Let $b_k=1-\frac{a_k}{l}$, then the question becomes
Let $(b_n)_{n\ge1}$ be a non-increasing sequence of numbers in $[0,1)$ converging to $0$.
Show that $\sum\limits_{k=1}^\infty b_k$ converges if and only if $\prod\limits_{k=1}^\infty(1-b_k)\gt0$.
Theorem: Suppose that $0\le b_k\lt1$, then
$$
\prod_{k=1}^n\frac1{1\mp b_k}\ge\prod_{k=1}^n(1\pm b_k)\ge1\pm\sum_{k=1}^nb_k\tag1
$$
Proof: The left-hand inequality of $(1)$ follows simply from $(1-x)(1+x)=1-x^2\le1$. We will show the right-hand inequality of $(1)$ by induction.

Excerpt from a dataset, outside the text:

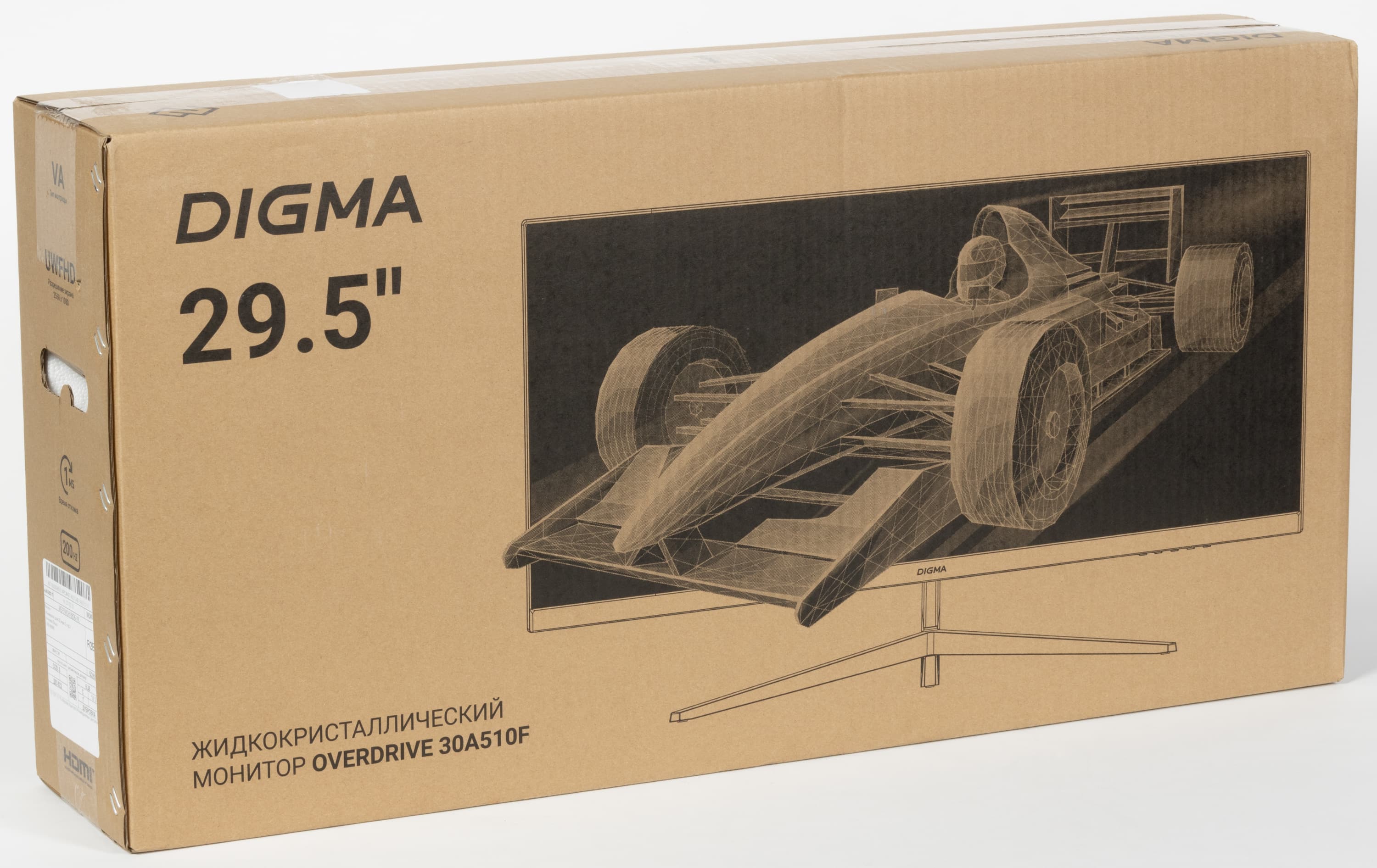Монитор нам достался упакованным в большую и скромно оформленную коробку из гофрированного картона с прорезными ручками по бокам. Внутри коробки для распределения и защиты содержимого используются пенопластовые формы и полиэтиленовые пакеты.

$(1)$ is trivial for $n=1$. Assume we have $(1)$ for $n-1$:
$$
\prod_{k=1}^{n-1}(1\pm b_k)\ge1\pm\sum_{k=1}^{n-1}b_k\tag2
$$
Then
$$
\begin{align}
\prod_{k=1}^n(1\pm b_k)
&=(1\pm b_n)\prod_{k=1}^{n-1}(1\pm b_k)\tag{3a}\\
&\ge(1\pm b_n)\left(1\pm \sum_{k=1}^{n-1}b_k\right)\tag{3b}\\
&=1\pm\sum_{k=1}^nb_k+b_n\sum_{k=1}^{n-1}b_k\tag{3c}\\
&\ge1\pm\sum_{k=1}^nb_k\tag{3d}
\end{align}
$$
Explanation:
$\text{(3a):}$ pull the $k=n$ term out front
$\text{(3b):}$ apply $(2)$
$\text{(3c):}$ expand the product
$\text{(3d):}$ $b_k\ge0$
Thus, we have $(1)$ for $n$.
$\large\square$
Convergence is dependent on what happens in the tail of the sequence of partial sums/products. Thus, if the sum converges, by removing a finite number of terms, we can assume that the partial sum is less than $\frac12$. Furthermore, if the product converges, by removing a finite number of terms, we can assume that the partial product of $1-b_k$ is between $\frac12$ and $1$ (and that the partial product of $1+b_k$ is between $1$ and $2$).
The Theorem says
$$
1-\sum_{k=1}^\infty b_k\le\prod_{k=1}^\infty(1-b_k)\tag4
$$
which says that if the sum converges, the product is bounded below, so it converges to a positive value.
Furthermore,
$$
1+\sum_{k=1}^\infty b_k\le\left(\prod_{k=1}^\infty(1-b_k)\right)^{-1}\tag5
$$
which says that if the product converges to a positive value, the sum is bounded above and so it converges.